Architektury kontrolerowe sieci Wi-Fi

.

Jeszcze kilka lat temu model architektury sieci Wi-Fi był w zasadzie identyczny niezależnie od producenta rozwiązania: sieć składała się z pewnej liczby punktów dostępowych (AP) - typowo od kilku do kilku tysięcy) oraz z zarządzającego punktami dostępowymi kontrolera lub kontrolerów. To co odróżniało rozwiązania poszczególnych producentów to proporcje w jakich „rozłożono” funkcjonalność między AP a kontroler.

W rozwiązaniu zcentralizowanym kontroler odpowiedzialny jest za wszystkie aspekty funkcjonowania sieci poza transmisja radiową, którą oczywiście realizują AP. W modelu tym kontroler odpowiada za: funkcje L2/MAC Wi-Fi oraz L3 (ruting), w szczególności funkcje MAC obejmują dobór kanałów radiowych, sterowanie transmisją (potwierdzenia, retranmisje, itp.), rozkładanie ruchu klienckiego pomiędzy AP, roaming klientów. Jednocześnie cały ruch sieciowy pochodzący z AP zbiega się w kontrolerze, z którego przekazywany jest do infrastuktury przewodowej. W takiej architekturze cały ruch danych z i do AP tunelowany jest do kontrolera, zaś same AP funkcjonują jako „radia” w pełni programowane przez kontroler. Rozwiązanie zcentralizowane trudno się skaluje, w większych sieciach konieczne jest stosowanie wielu kontrolerów zorganizowanych hierarchicznie, dlatego też producenci stopniowo zaczęli oferować rozwiązania bardziej zdecentralizowane, wśród których najbardziej typową architekturą jest:

Architektura Split MAC – w tym podejściu cześć funkcji L2 realizowana jest przez kontroler, a część autonomicznie przez AP. Kontroler nadal może być odpowiedzialny za serwisy integracji i dystrybucji oraz realizację funkcji QoS; natomiast zarządzanie transmisją ramek, szyfrowanie oraz (częściowo) autoryzacja realizowana jest autonomicznie na AP. AP realizuje też autonomicznie takie funkcje jak: rozgłaszanie ramek beacon i odpowiedzi na ramki probe, itd.

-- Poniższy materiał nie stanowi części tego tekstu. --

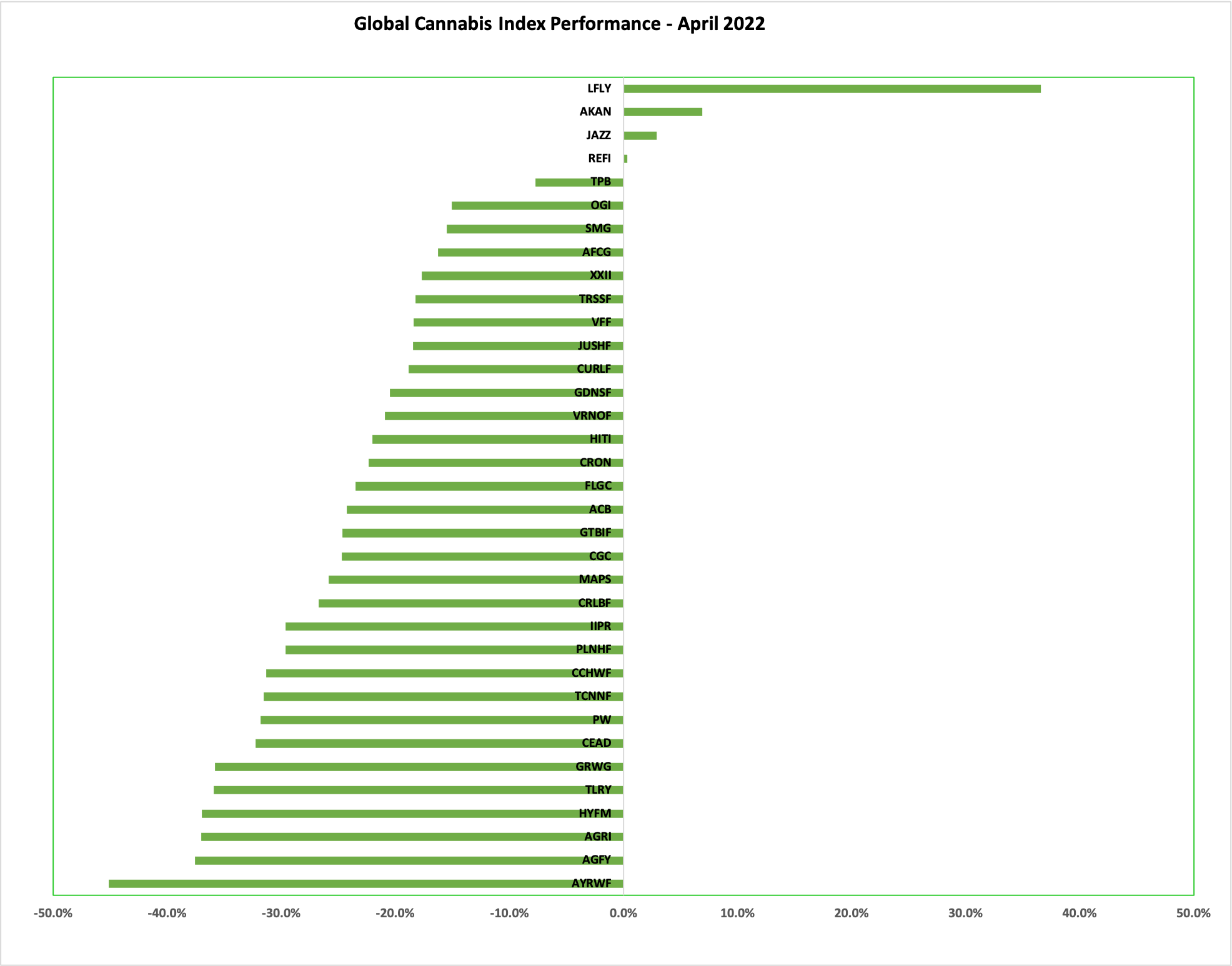 The Global Cannabis Stock Index has now declined 32.4% in 2022 from its year-end 2021 close of 32.85.
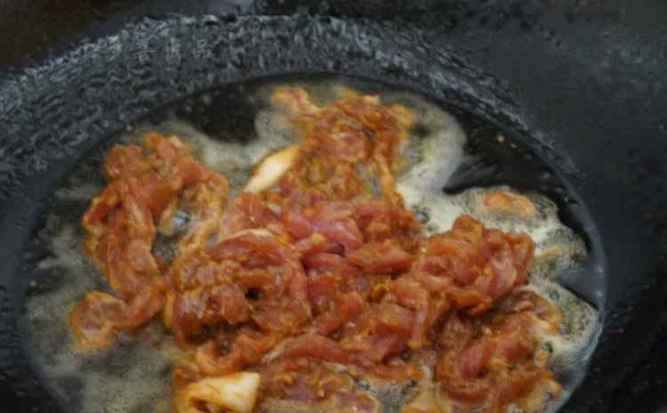 4 热油锅下肉丝煸炒,炒熟后起锅盛出
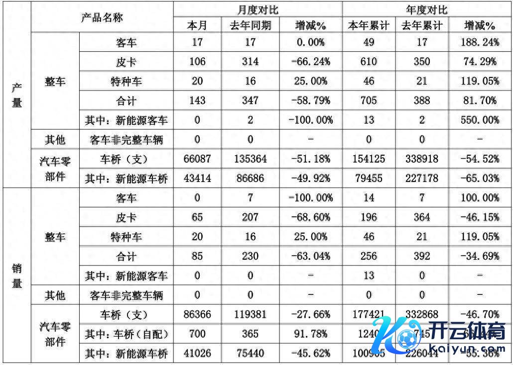 4月3日,朝阳股份(600303)发布公告,2026年3月,公司整车产量143辆,同比下降58.79%;今年累计产量705辆,同比增长81.70%。3月整车销量达85辆,同比下降63.04% ;今年累计销量256辆,同比下降34.69%。 其中,新动力客车3月产量和销售均为0辆,今年累计产量13辆,同比增长550.00%;今年累计销售13辆。客车非完满车辆的产、销量3月均为零。 辽宁朝阳汽车集团股份有限公司所以汽车整车、车桥及零部件为主营业务的大型汽车企业集团,总部位于辽宁丹东。公司领有“黄海

Nowsze rozwiązania Wi-Fi zdecydowanie odchodzą też od tunelowania ruchu danych poprzez kontroler – nastąpiło odejście od zcentralizowania warstwy przesyłu danych w kierunku jej decentralizacji, tj. jej realizacji przez AP. Należy jednak nadmienić, że w niektorych sytuacjach tunelowanie ruchu z AP do kontrolera nadal jest wskazane (np. w przypadku niewielkich biur lub oddziałów). Rezygnacja z obsługi calego ruchu przez kontroler wymogło jednocześnie większe skomplikowanie i co za tym idzie zwiększenie mocy obliczeniowej AP, które muszą realizować takie funkcje jak zarządzanie pasmem radiowych, roaming w warstwach 2 i 3 czy filtrację ruchu (firewall).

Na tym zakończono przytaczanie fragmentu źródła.